According to the AP’s Erika Kinetz (via USA Today), young Slumdog Milionaire star Azharuddin Mohammed Ismail and his family were recently kicked out of the shanty they lived in before it was bulldozed in advance of monsoon season.

Sadly, they were only one of thirty such families to have lost their homes in the Mumbai slum where even people who have homes have it rough:

“Azhar’s neighbors have less to look forward to. Homeless mothers nursed their babies Thursday in what little shade they could find in the 100-degree heat. Nearby, a 98-year old woman lay listless on a metal bed frame scattered with rags. A pregnant woman carried two large jugs of water, trying not to trip. A man on crutches hobbled through rubble littered with stuffed animals and children’s shoes.

Some sang Jai Ho, the Oscar-winning song from Slumdog Millionaire. Others tried to cook. Children struggled with unwieldy bundles of clothes tied together with old sheets.”

With the sad picture of Azharuddin standing below a rumpled Slumdog poster (signed by Danny Boyle) comforting his pet chicken (he lost his kittens), it’s tempting to lay blame at the feet of the film’s producers for exploiting the children in the first place and the article seems to want to do just that.

The thing is, life was rough for the kids and the millions of others like them before the movie and it continues to be rough after the movie. The problem isn’t the movie. The problem is audiences seeing the movie and then sleeping well at night feeling they’ve done something to help solve the world’s problems.

What’s disturbing is even the AP article feels like it’s exploiting tragedy. Read it and tell me I’m wrong.
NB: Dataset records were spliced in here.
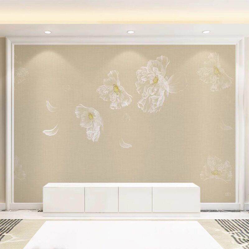 新中式墙纸花朵简约墙布别墅客厅壁布电视背景墙壁纸米黄色壁画AI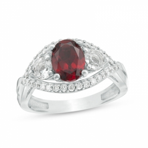 Средние характеристики: гранат красный, размер: 8x6 мм, огранка Овал; топаз белый, размер: 4 мм, огранка Круг; круглый белый бриллиант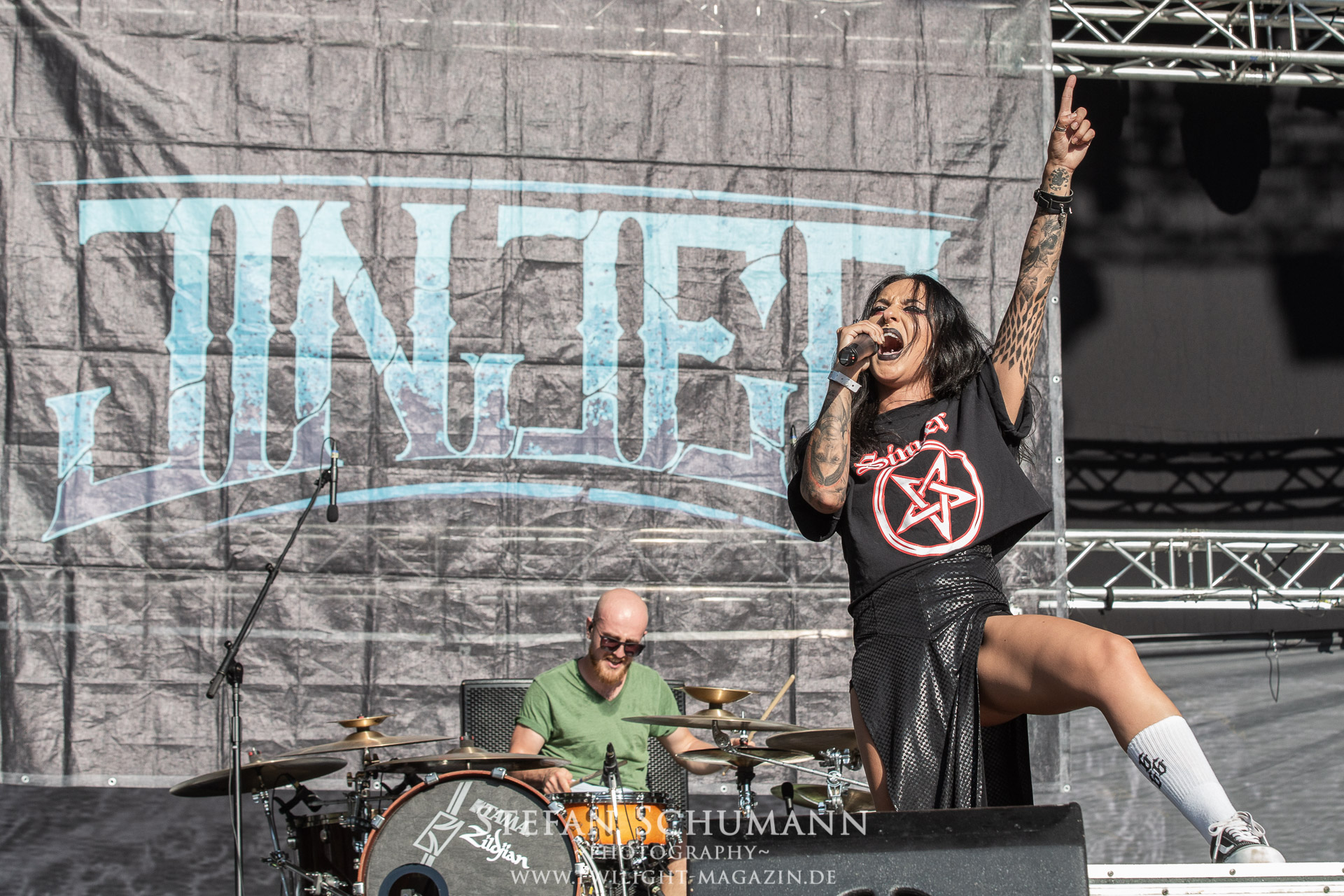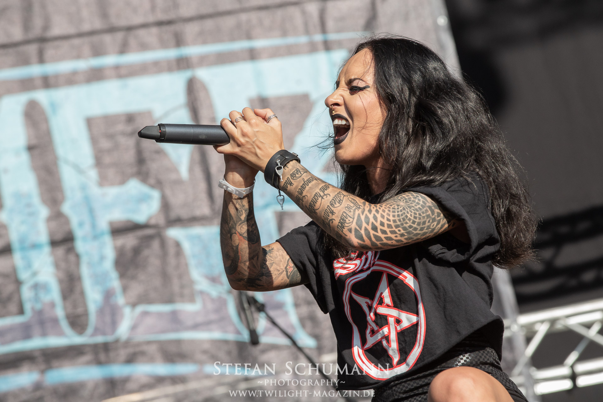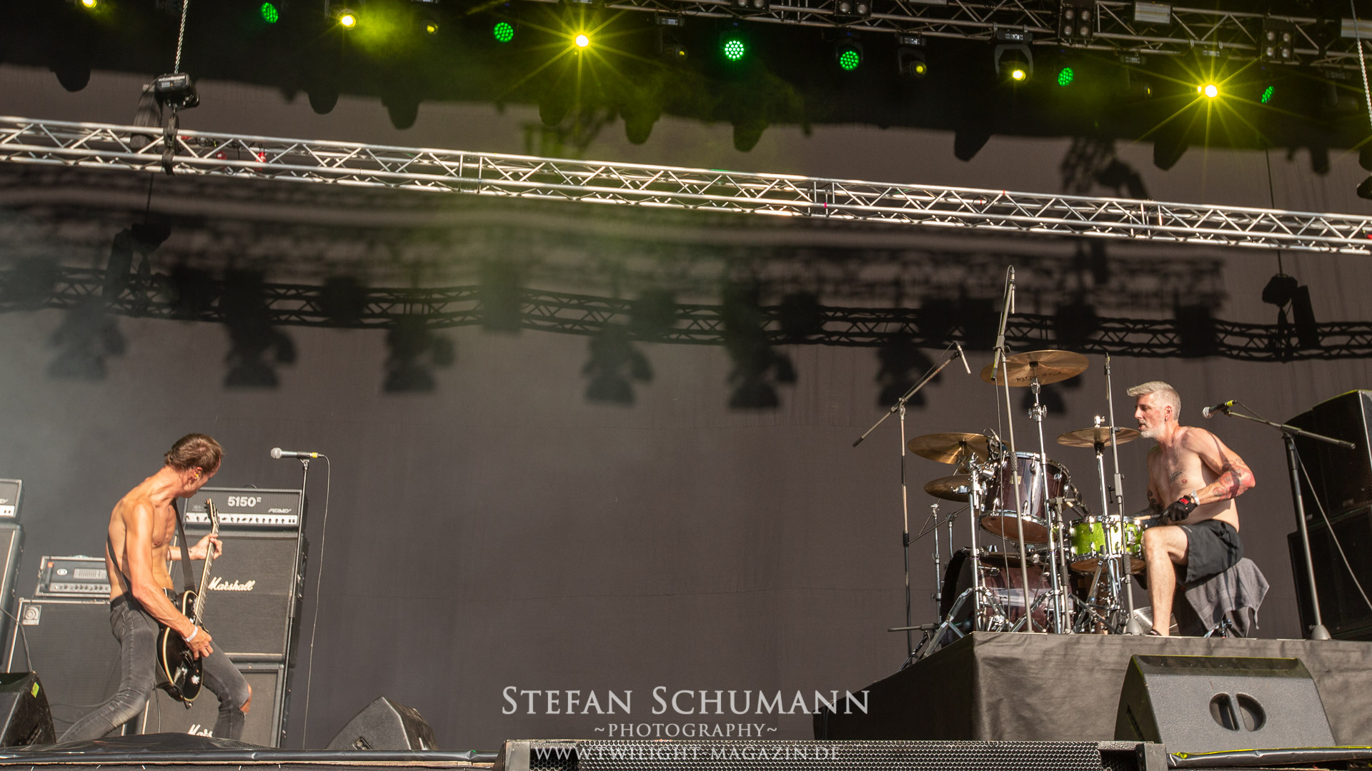 Das kann man von IGORR nicht unbedingt behaupten. Die wohl einzige Band des Festivals, die ohne E-Gitarren auskommt, spaltet mit ihren experimentellen Soundgebilden mit DJ/Sänger, Drummer und Sängerin die Zuhörerschaft. Den einsetzenden Regenschauer nutzen viele Zuhörer dazu, sich in den hinteren Bereich unter das Fress-Zelt zu flüchten. SOULFLY im Anschluss gehen dann auf Nummer sicher und liefern Altbekanntes aus ihrem Oeuvre, das mit „Back to the Primitive“ und „Eye for an Eye“ getoppt wird.

7 Responses to “‘Slumdog’ kid even loses half-eaten crap sandwich”

  1. This has been going on forever and not just in this country but all over the world. And you’re not wrong about the article.
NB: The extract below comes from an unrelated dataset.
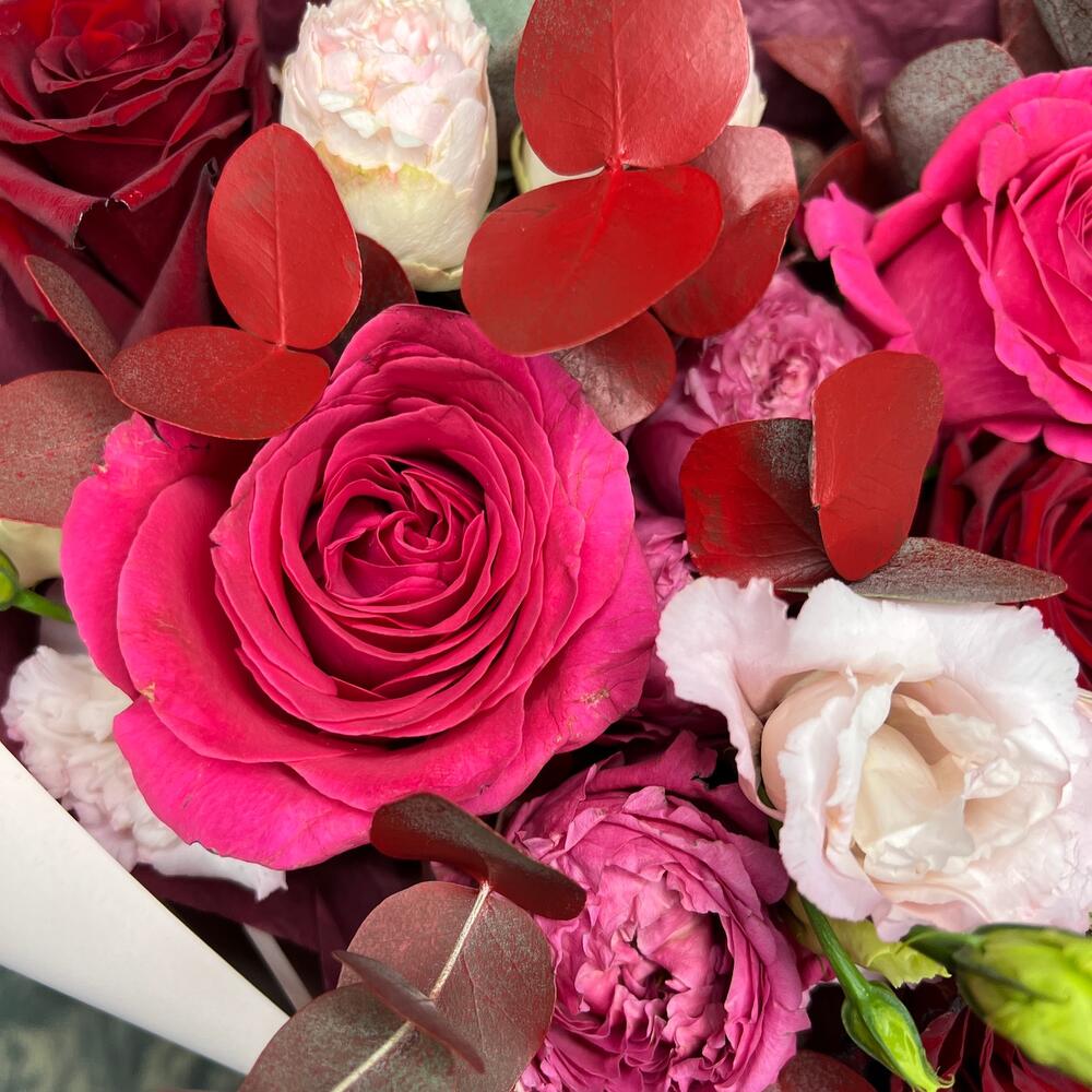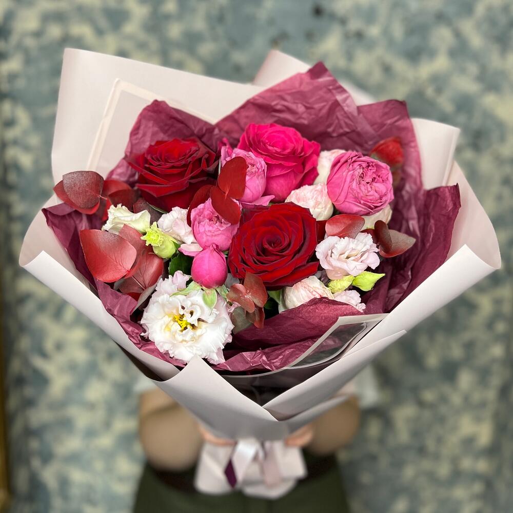 Роза Pink Floyd – 1 шт.Роза Эксплорер – 2 шт.роза кустовая пионовидная джульетта церайз – 1 шт.роза кустовая пионовидная мэнсфилд парк – 1 шт.эустома розовая – 1 шт.Эвкалипт – 1 шт.Тишью – 2 шт.Пленка матовая – 5 шт.Лента атласная – 2 шт.

    I was not one of the people on the bandwagon for this movie. It was enjoyable and well-made, end of story.

  2. I know there was a big fuss leading up to the Oscars about the kids’ trust fund and all that, but it’s sad that things just seem to be rolling downhill.

    On one hand, you can blame the filmmakers for exploitation, but on the other hand if it wasn’t for that film, we wouldn’t even be having this conversation. AP wouldn’t be telling these stories about the real slums of Mumbai.

  3. These slums have always been there and people have known about them, certainly journalists. They just didn’t feel it was important enough to report on before. True the film brought this to people’s attention on a more immediate level, but there is still an element of exploitation. The whole thing kind of leaves a bad taste in my mouth. Maybe I’m just too pessimistic.

  4. I’d suggest there’s probably a psychological aspect to this. I think reporters don’t cover it because people don’t want to read about it. Nothing is less sexy or marketable than poverty and despair.

  5. Yeah, I’m confused. In this country if you get a speaking role in a movie, you can live off that for months in Los Angeles, one of the pricier world cities. Why is this kid still living in a shanty at all?

  6. He blew all his earnings on strippers and hard liquor. Black humor helps me cope better with the tragic reality of the story.